Inevitabilmente, non può che prendersi atto delle nuove, diffuse, forme di povertà sociale atteso che l’ Italia, travolta dalla pandemia, non ha larghi spazi operativi di immediata ripresa.

Una situazione, che grava sulle donne ed abbraccia tutte le fasce di età.

Molteplici i fattori di incertezza. Destabilizzante appare la voragine provocata dalla forte caduta della produzione, ma quel che maggiormente preoccupa è il rischio del ripetersi del fenomeno a fine estate, condizione che non potrebbe che peggiorare l’attuale stasi occupazionale.

A tutto questo, si è aggiunta una grave contrazione dei consumi delle famiglie nella domanda dei prodotti non alimentari nei diffusi settori, che vanno dall’abbigliamento agli arredi, dal vestiario alle automobili, dai servizi ricreativi e culturali alle prestazioni offerte da bar e ristoranti, con un’inevitabile vulnerabilità sociale ed occupazionale.

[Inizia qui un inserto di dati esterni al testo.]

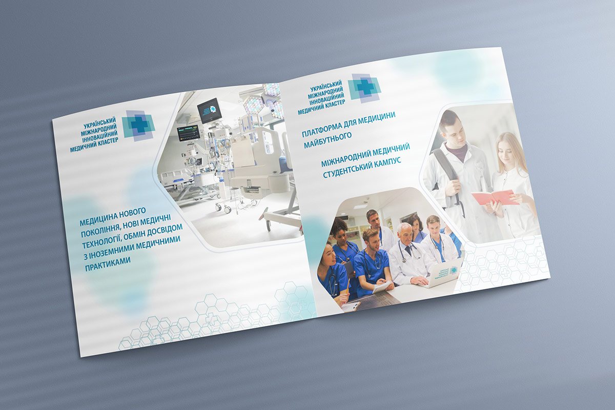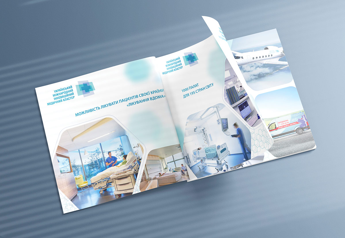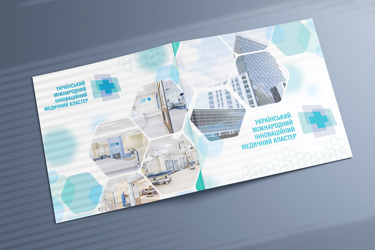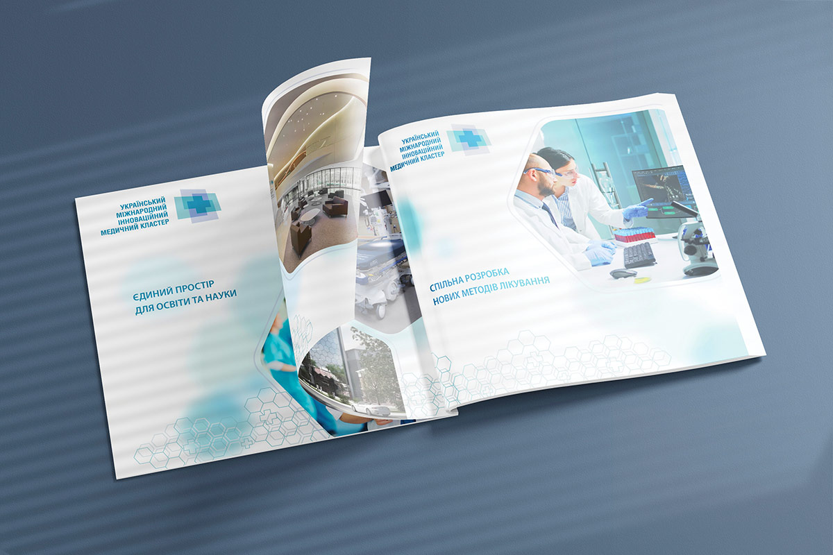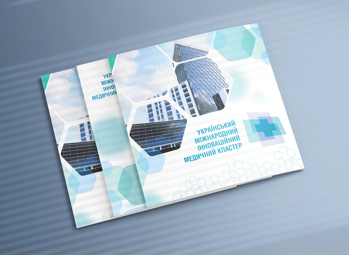 Розробка дизайну та верстка презентації для проекту “UKRAINIAN INTERNATIONAL INNOVATION MEDICAL CLASTER” була виконана з урахуванням розробленого у нашій студії логотипу та фірмового стилю, який детально описаний у бренд буку.

Da sempre, la recessione economica, (quella attuale risulta esser ben sei volte peggiore di quella che ha travolto l’economia nel 2008), ha prodotto effetti deleteri sulla mente e sulla psiche individuale, ma la speranza è l’avverarsi del ritorno alla normalità ed il mutuarsi del disagio in creatività, con auspicabili soluzioni di auto-apprendimento, sollecitazioni di nuovi stimoli occupazionali e formazione di nuove abitudini sociali.